Coming from an accountancy role elsewhere in the public sector, she is used to being regarded as a professional in her own right. To enter an environment where there appears to be acknowledgement of only one profession (teaching), and where every other member of staff is defined by what they are not, rather than what they are, has been a bit of a shock for her. I am sure she will get used to it (as I’m sure that she will get used to the toilet rolls and broken windows), and that ultimately she will find the job immensely rewarding. However, the way she was introduced and her reaction to it has set me thinking about the perennially thorny issue of settling on a collective noun for the members of the increasingly varied workforce in schools who are not from teaching backgrounds.
At present, schools tend to opt for one of three options – namely ‘non-teaching staff’, ‘associate staff’ or ‘support staff’. In the case of the first option, I have already described the main difficulty – defining people by the job that they do not do is unhelpful and is potentially demeaning. If I were to be dramatic, I could suggest that it reflects a reluctance or even a denial on the part of the school culture to acknowledge the existence, importance or impact of staff who are not teachers.
I have a similar kind of problem with the use of the term ‘associate staff’. A quick browse of the dictionary produces one positive definition for ‘associate’ – a person who shares actively in anything as a business, enterprise, or undertaking; partner; colleague; fellow worker. However, this is accompanied by two far less acceptable definitions – namely (1) a person who is admitted to a subordinate degree of membership in an association or institution, and (2) having subordinate status; without ful rights and privileges. On balance, the term is probably slightly less offensive than ‘non-teachers’, but hardly a great leap forward for our profile and status.

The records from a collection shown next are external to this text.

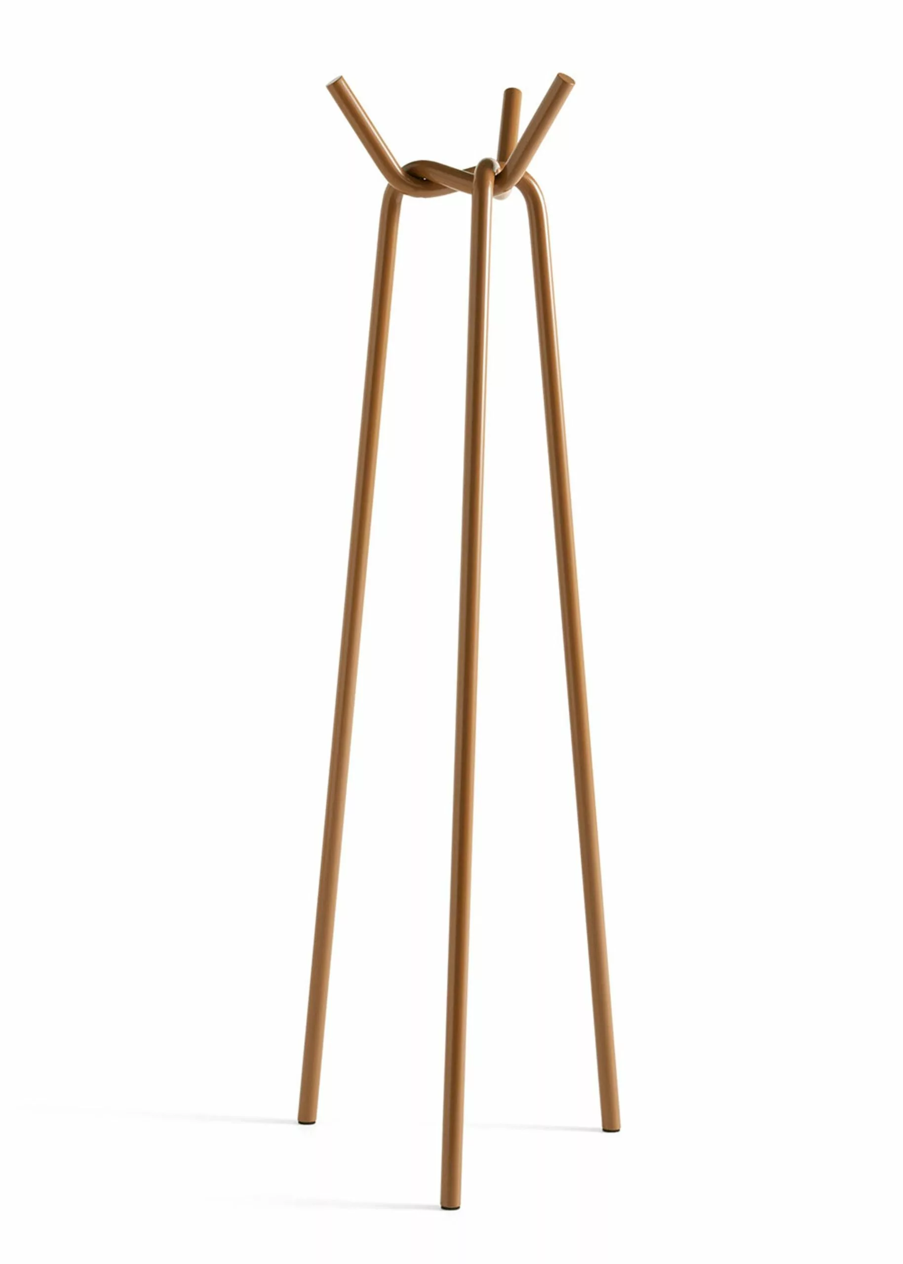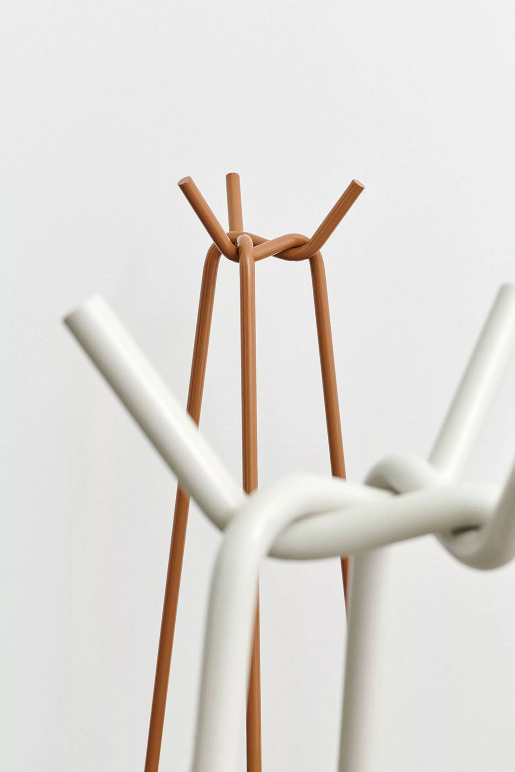 The 'Knit' pedestal table, designed by Japanese Jin Kuramoto, combines the sculptural with the functional with its artistic and three-dimensional design. Constructed from three minimalist iron tubes 'knitted' together in the middle to mimic the soft pattern created by the yarn, the 'Knit' is an elegant addition to the entrance hall or wardrobe where it acts as a holding place for outerwear, scarves and bags.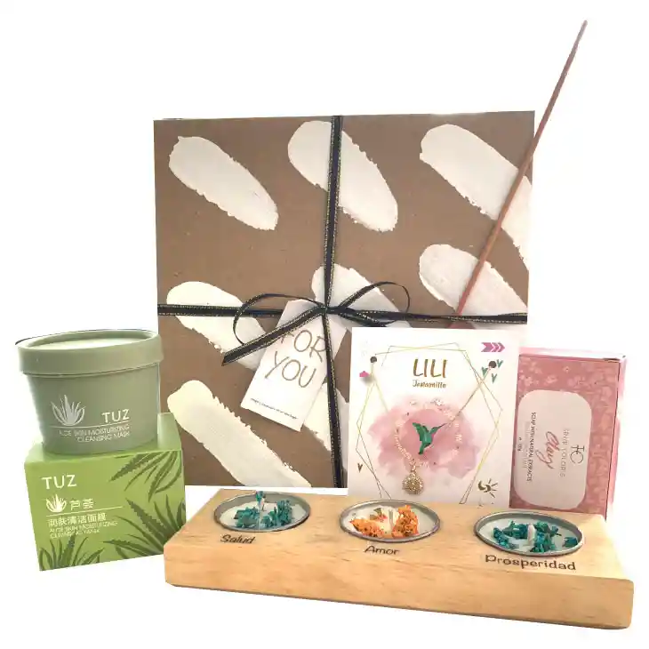 SET COLLAR Y ARETES VIRGEN LILI JARAMILLO EN ACERO CON BAÑO EN ORO, CANDELABRO CON VELAS DE FLORES DISECADAS, MASCARILLA TUZ DE ALOE (Registro: NSOC96184-19CO) JABÓN DE ARCILLA DESCONGESTIONANTE DE PIEL TRUE COLOR´S (NSOC61004-14CO) , ANTIFAZ CON ALMOHADILLA DE GEL PARAR TERAPIA DE FRIO Y VARITA DE INCIENSO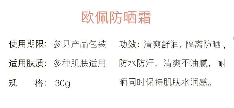 商品名称:欧佩 防晒霜 30g 面部防紫外线清爽遮瑕隔离霜防晒乳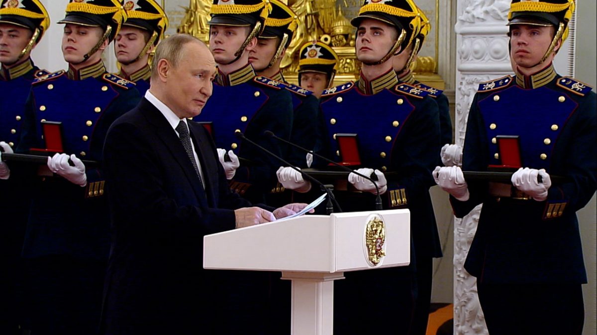 12 iunie 2022. Kremlin. Președintele rus, Vladimir Putin, îi felicită cetățenii țării de Ziua Rusiei/ Foto: tvzvezda.ru

The third alternative – that of ‘support staff’ – is probably the one that I find least problematic. To some extent, it accurately describes the role that is played by employees who do not teach, and the term ‘support’ has a wide range of positive connotations, including the suggestion that the staff concerned may actually have a vital role to play in the organisation. While it may be an improvement on the alternatives, though, I don’t personally think that it solves the problem completely. There is still a hint of subordinacy and, rightly or wrongly, I am still not comfortable with caretakers, dinner ladies, accountants, receptionists and IT and HR professionals being lumped together under a single label.
I must admit that I am still smarting from reading the headline of the TES article about my headship aspirations – ‘Support staff in top job’. This may be partly a result of my own hyper-sensitivity and/or self-importance of course, but I think that the use of the term was intentionally provocative to the TES readership and therefore it reveals an assumption of ultimate inequality between teachers and other school staff. After all, there many headteachers in large secondary schools who don’t have a teaching load, but I suspect there are very few who would accept the description of themselves as support staff!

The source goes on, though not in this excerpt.